> **DATA FOR THIS EXERCISE**:
*****

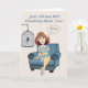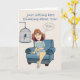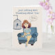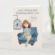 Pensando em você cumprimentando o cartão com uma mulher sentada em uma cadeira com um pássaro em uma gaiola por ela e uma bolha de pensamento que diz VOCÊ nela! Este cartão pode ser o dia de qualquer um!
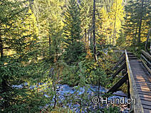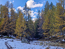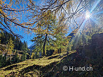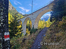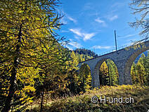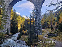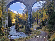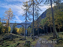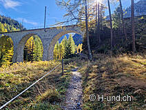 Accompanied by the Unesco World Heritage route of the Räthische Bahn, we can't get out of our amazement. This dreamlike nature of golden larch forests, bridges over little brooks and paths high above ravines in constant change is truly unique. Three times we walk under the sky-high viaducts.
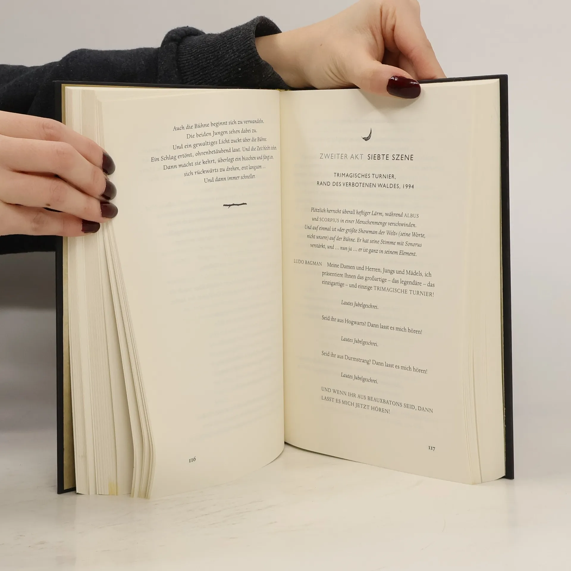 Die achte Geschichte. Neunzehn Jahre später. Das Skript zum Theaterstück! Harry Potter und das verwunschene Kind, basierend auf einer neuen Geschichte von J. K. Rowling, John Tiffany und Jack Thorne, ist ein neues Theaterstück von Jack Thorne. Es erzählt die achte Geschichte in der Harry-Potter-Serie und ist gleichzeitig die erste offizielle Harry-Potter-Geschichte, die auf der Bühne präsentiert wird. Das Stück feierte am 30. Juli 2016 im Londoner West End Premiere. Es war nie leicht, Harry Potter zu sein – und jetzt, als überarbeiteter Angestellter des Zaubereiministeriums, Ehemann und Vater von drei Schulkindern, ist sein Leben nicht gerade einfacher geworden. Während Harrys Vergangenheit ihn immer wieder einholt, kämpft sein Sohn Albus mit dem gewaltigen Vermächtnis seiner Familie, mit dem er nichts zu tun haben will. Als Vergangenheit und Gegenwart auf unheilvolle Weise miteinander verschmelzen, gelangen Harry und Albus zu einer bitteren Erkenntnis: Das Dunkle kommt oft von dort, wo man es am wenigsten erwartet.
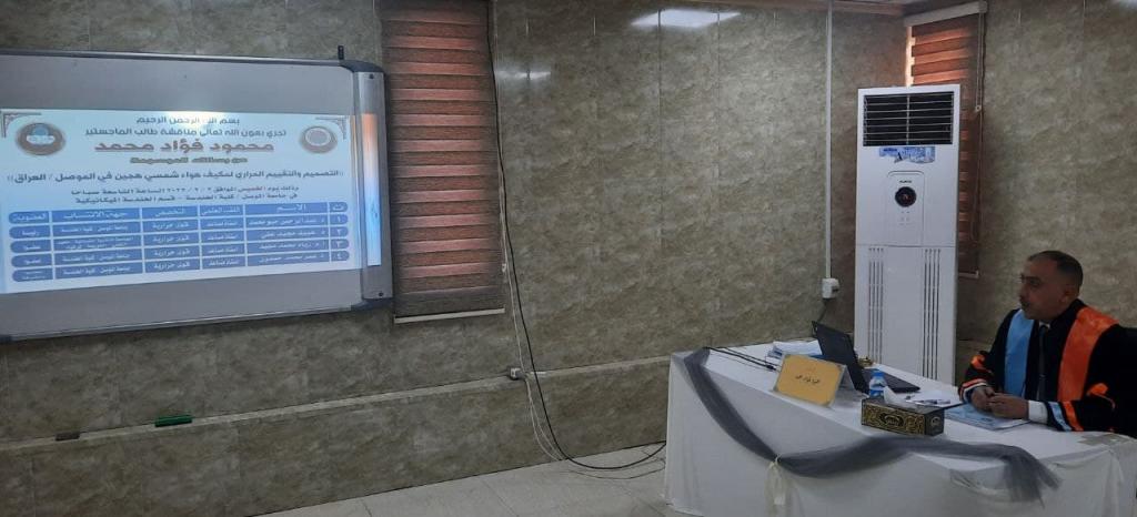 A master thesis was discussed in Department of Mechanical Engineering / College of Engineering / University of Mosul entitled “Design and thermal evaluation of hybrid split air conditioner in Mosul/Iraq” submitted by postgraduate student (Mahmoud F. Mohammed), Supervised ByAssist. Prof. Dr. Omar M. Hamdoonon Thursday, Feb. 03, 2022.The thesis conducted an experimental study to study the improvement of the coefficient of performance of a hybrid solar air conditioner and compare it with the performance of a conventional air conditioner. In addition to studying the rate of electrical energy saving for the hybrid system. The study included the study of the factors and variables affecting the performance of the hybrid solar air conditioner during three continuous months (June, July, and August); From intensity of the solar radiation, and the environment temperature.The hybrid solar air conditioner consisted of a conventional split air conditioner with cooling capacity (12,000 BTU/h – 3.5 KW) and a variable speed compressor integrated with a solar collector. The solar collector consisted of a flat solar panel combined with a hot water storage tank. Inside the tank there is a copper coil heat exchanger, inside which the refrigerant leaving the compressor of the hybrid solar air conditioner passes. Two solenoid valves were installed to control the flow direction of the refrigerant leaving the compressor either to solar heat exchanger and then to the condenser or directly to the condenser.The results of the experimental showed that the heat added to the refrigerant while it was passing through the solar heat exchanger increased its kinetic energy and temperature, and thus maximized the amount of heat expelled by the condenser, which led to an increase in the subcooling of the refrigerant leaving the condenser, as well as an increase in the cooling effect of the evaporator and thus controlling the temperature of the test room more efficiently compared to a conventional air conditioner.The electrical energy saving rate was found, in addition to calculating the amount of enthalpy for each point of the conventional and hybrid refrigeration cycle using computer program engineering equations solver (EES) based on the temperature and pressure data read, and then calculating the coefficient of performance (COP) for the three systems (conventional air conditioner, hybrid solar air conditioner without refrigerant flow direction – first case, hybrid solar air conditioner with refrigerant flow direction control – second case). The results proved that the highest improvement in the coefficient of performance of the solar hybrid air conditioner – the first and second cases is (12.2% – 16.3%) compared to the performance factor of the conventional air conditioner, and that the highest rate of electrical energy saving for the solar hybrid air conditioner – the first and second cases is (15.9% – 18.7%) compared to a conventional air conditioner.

*****

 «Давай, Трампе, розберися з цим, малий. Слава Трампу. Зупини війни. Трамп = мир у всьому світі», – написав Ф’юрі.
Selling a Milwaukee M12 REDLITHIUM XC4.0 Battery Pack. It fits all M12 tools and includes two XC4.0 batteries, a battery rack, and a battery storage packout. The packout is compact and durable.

*****

> **WHAT THE EXERCISE ASKS**:
Above this task is a listing with pictures in it. Retype only the lines from the one containing "Pensando em você" through the one containing "Die achte Geschichte.", both included, and not the pictures.

> **OUTPUT FOR THIS TASK**:
 Pensando em você cumprimentando o cartão com uma mulher sentada em uma cadeira com um pássaro em uma gaiola por ela e uma bolha de pensamento que diz VOCÊ nela! Este cartão pode ser o dia de qualquer um!
 Accompanied by the Unesco World Heritage route of the Räthische Bahn, we can't get out of our amazement. This dreamlike nature of golden larch forests, bridges over little brooks and paths high above ravines in constant change is truly unique. Three times we walk under the sky-high viaducts.
 Die achte Geschichte. Neunzehn Jahre später. Das Skript zum Theaterstück! Harry Potter und das verwunschene Kind, basierend auf einer neuen Geschichte von J. K. Rowling, John Tiffany und Jack Thorne, ist ein neues Theaterstück von Jack Thorne. Es erzählt die achte Geschichte in der Harry-Potter-Serie und ist gleichzeitig die erste offizielle Harry-Potter-Geschichte, die auf der Bühne präsentiert wird. Das Stück feierte am 30. Juli 2016 im Londoner West End Premiere. Es war nie leicht, Harry Potter zu sein – und jetzt, als überarbeiteter Angestellter des Zaubereiministeriums, Ehemann und Vater von drei Schulkindern, ist sein Leben nicht gerade einfacher geworden. Während Harrys Vergangenheit ihn immer wieder einholt, kämpft sein Sohn Albus mit dem gewaltigen Vermächtnis seiner Familie, mit dem er nichts zu tun haben will. Als Vergangenheit und Gegenwart auf unheilvolle Weise miteinander verschmelzen, gelangen Harry und Albus zu einer bitteren Erkenntnis: Das Dunkle kommt oft von dort, wo man es am wenigsten erwartet.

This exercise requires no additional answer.